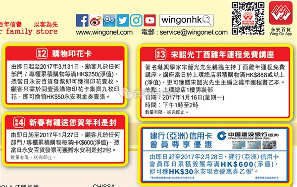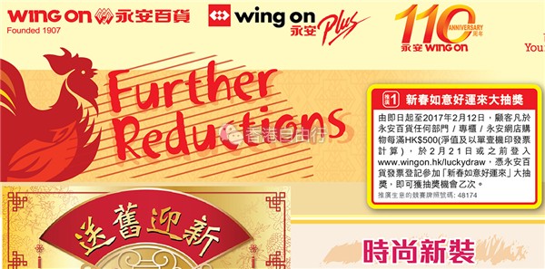 香港打折:永安百货Further Reductions 2 - 送旧迎新+贺年食品优惠低至5折(至2月1日)
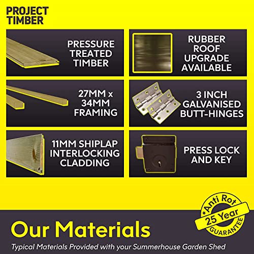 - ✅ LONGER LASTING SUMMERHOUSE - All of our Summerhouses at Project Timber are pressure treated as standard. This gives you a longer-lasting building with extra protection throughout the seasons. They are also lower maintenance compared to dip-treated buildings.
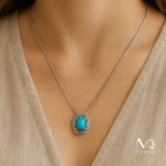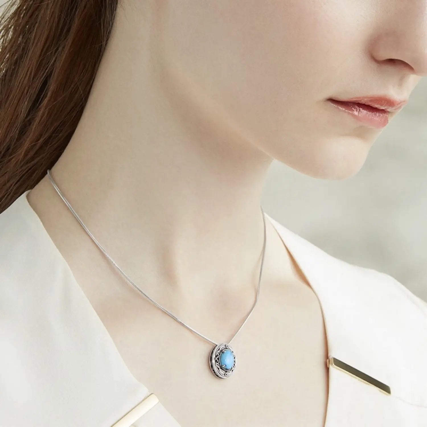 This Turquoise Pendant Gold features a 7x9mm synthetic turquoise stone, beautifully set within a detailed S925 sterling silver frame with gold plating, adding a touch of luxury and durability. The intricate design surrounding the turquoise enhances its vibrant color while creating a vintage-inspired look.
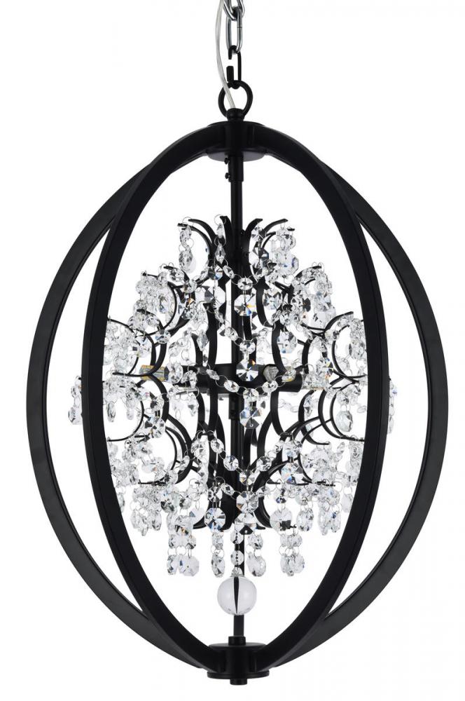 This exquisite chandelier is in a black finish. The frame is made out metal in a sphere cage shape, and it comes with clear hanging beaded crystals. The adjustable chain link makes this fixture suitable for most ceiling heights.
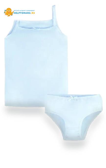 Комплект белья для девочки состоит из майки и трусиков. Выполнен из эластичного супрема - материала, представляющего собой кулирную гладь с добавлением лайкры. Это хлопчатобумажное тонкое эластичное полотно, тонкий шелковистый хлопчатобумажный трикотаж очень высокого качества. Супрем не парит, пропускает воздух, хорошо тянется и носится. Детали: бантик.
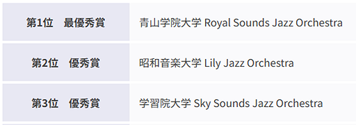 学習院大学スカイサウンズジャズオーケストラ 第3位 優秀賞受賞
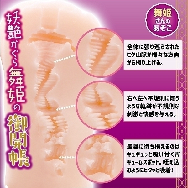 人気を博した御開帳miniシリーズにBIG版が登場!舞姫さんのあそこはヒダが絡まるウネウネタイプ。小さかったあの子達が大きくなって帰ってきた!あの御開帳miniシリーズが約4倍のサイズにボリュームアップしました。舞姫さんのあそこは奥まで続くウネウネ穴に細かいヒダが敷き詰められたワインディング構造。上下左右からランダムに当たってくる肉壁と擦れるヒダの組み合わせは、最短距離で絶頂へ誘います。非貫通タイプなので奥突き感も存分に楽しめます。

----------

**Task goal:**
Return the preceding entries verbatim, with the pictures excluded.

**Task output:**
 香港打折:永安百货Further Reductions 2 - 送旧迎新+贺年食品优惠低至5折(至2月1日)
 - ✅ LONGER LASTING SUMMERHOUSE - All of our Summerhouses at Project Timber are pressure treated as standard. This gives you a longer-lasting building with extra protection throughout the seasons. They are also lower maintenance compared to dip-treated buildings.
 This Turquoise Pendant Gold features a 7x9mm synthetic turquoise stone, beautifully set within a detailed S925 sterling silver frame with gold plating, adding a touch of luxury and durability. The intricate design surrounding the turquoise enhances its vibrant color while creating a vintage-inspired look.
 This exquisite chandelier is in a black finish. The frame is made out metal in a sphere cage shape, and it comes with clear hanging beaded crystals. The adjustable chain link makes this fixture suitable for most ceiling heights.
 Комплект белья для девочки состоит из майки и трусиков. Выполнен из эластичного супрема - материала, представляющего собой кулирную гладь с добавлением лайкры. Это хлопчатобумажное тонкое эластичное полотно, тонкий шелковистый хлопчатобумажный трикотаж очень высокого качества. Супрем не парит, пропускает воздух, хорошо тянется и носится. Детали: бантик.
 学習院大学スカイサウンズジャズオーケストラ 第3位 優秀賞受賞
 人気を博した御開帳miniシリーズにBIG版が登場!舞姫さんのあそこはヒダが絡まるウネウネタイプ。小さかったあの子達が大きくなって帰ってきた!あの御開帳miniシリーズが約4倍のサイズにボリュームアップしました。舞姫さんのあそこは奥まで続くウネウネ穴に細かいヒダが敷き詰められたワインディング構造。上下左右からランダムに当たってくる肉壁と擦れるヒダの組み合わせは、最短距離で絶頂へ誘います。非貫通タイプなので奥突き感も存分に楽しめます。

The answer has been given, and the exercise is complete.